I haven't known the last couple springs.  They came.  They went, I think.  I didn't know.

But

It's spring outside.  And it's spring inside.  Me.  I know. 

 

Friday, March 27, 2026

Hole

 


"GrandmaKath... you fill a hole inside my heart."

Oh, littlebear.  You have it backwards!  You fill a hole inside MY heart!  A cavernous hole!  A real gap!  A lonely pit.  And you, your letter today, your hugs on other days, your texts and calls on still other days, cushions the hole in my heart.

You don't even know yet, about a hole, about how a heart gets ripped into a bottomless hole.  Your few young years expose you to words, and the occurrence, and a little of the sad.  But thankfully not the tear.  Thankfully not the hole itself.   

On the other hand, even littlebears experience heart-holes.  When a best friend moves away, when a mommy or daddy say unkind words, when a grandpa... dies.  These things muddle littlebears. Their hearts feel quivered, bruised, gloomed.  They can't really talk about it.  They don't know how to talk about it.  But a littlebear heart-hole is real too. 

So, if I can fill a hole in your heart, oh... let me fill it!  Let me smile up, happy up, laughter up your heart.  Because that fills mine too.

Someday you will know the fill you were and will always be to the hole in my heart.  Someday you'll know that this grandma was in great need, and you were what she needed.  You filled a hole.   

Wednesday, March 25, 2026

Tip


To tip, or not to tip, that is the question.  It never used to be the question.  For me.  
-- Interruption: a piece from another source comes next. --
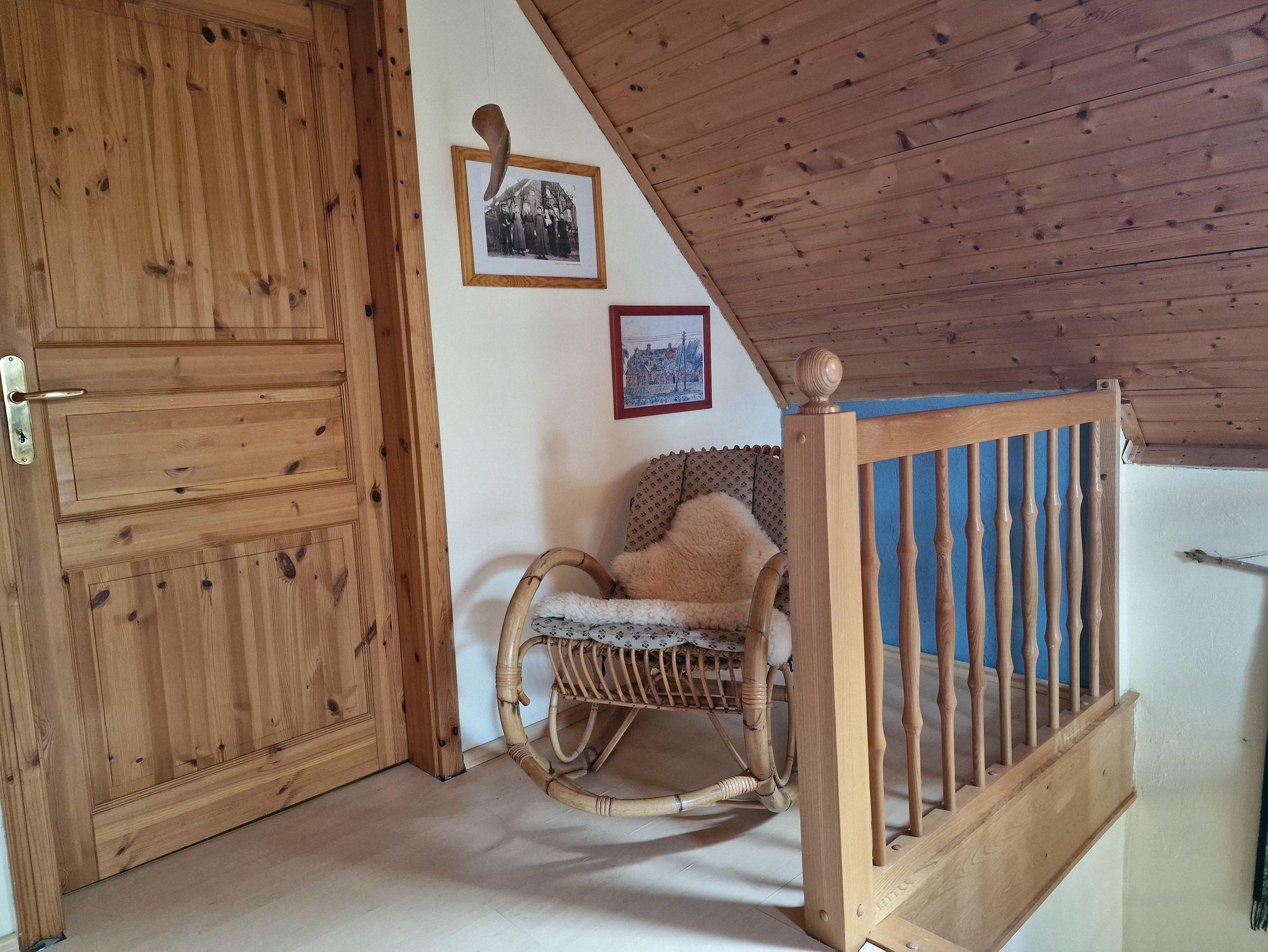 Das großzügige Esszimmer ist mit einem Esstisch mit 4 Stühlen, einer weiteren Sitzecke, Schränken und Regalen ausgestattet. In der oberen Etage befindet sich ein Schlafzimmer mit Doppelbett und zwei Nachtschränken, einem Kleiderschrank, einer Truhe und einem großem Spiegel.
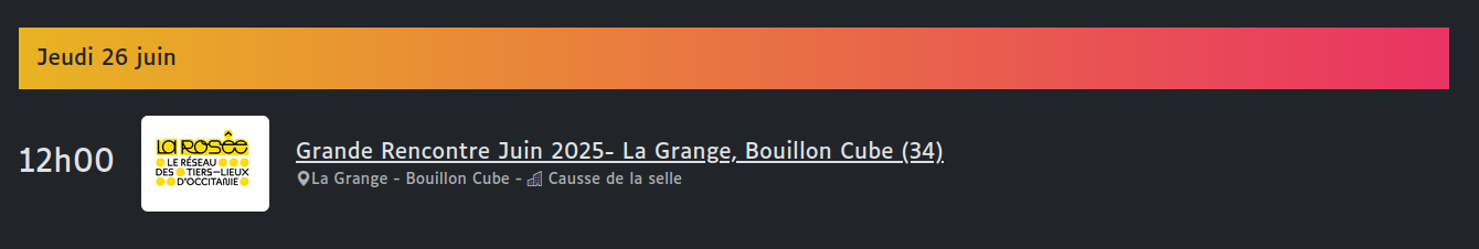Suite à une très bonne idée de @Laura de l'ANTL, nous avons rajouté des images et vignettes sur les adresses. L'idée est d'utiliser ces dernières si les images ne sont pas présentes dans l'évènement. Beaucoup plus lisible, surtout dans des agendas fédéré. Merci !

Because I didn't hire the roofer, the plumber, the installer.  I didn't pay the restaurant bill.  I didn't gift the service worker.   I didn't think about tips. 

But now I think about tips.  And who to tip, and what to tip and how to tip.  Every screen, every receipt, every we-do-accept-tips notice asks me to tip.  It's a big, confusing question.  For me.  

A couple of times, my ashamed face gave me away when our son asked if I tipped.   Uh... no.  Whoops.

A couple of more recent times, my proud face gave me away when he asked if I tipped.  Of course!

Tipping is the question.  I go to bed thinking about tips.  How much is 10%?  How much is %20?  How much is the right %?   Do I tip a cup of black coffee?  Isn't he paid for that?  Do I tip a bid that came in on target?  Didn't we agree on that?  Do I tip so no one sees me select "skip" on the screen?  Do they care about that?

Should it be a matter of quality service?  Should it be a matter of extended effort?  Should it be a matter of expectation?  Should it be a matter of budget?  Should it be a matter of generosity?  Should it be a matter of prayer?

I need my tipper.  But here I am trying to answer the question about...  tipping.  

Monday, March 23, 2026

Crusoe

 


Robinson Crusoe by Daniel Defoe

I learned to look more upon the bright side of my condition, and less upon the dark side, and to consider what I enjoyed rather than what I wanted; and this gave me sometimes such secret comforts, that I cannot express them; and which I take notice of here, to put those discontented people in mind of it, who cannot enjoy comfortably what God has given them, because they see and covet something that He has not given them.  All our discontents about what we want appeared to me to spring from the want of thankfulness for what we have. 

Defoe's expose' strikes me completely still.   Don't-blink, don't-breathe, don't-flutter still.  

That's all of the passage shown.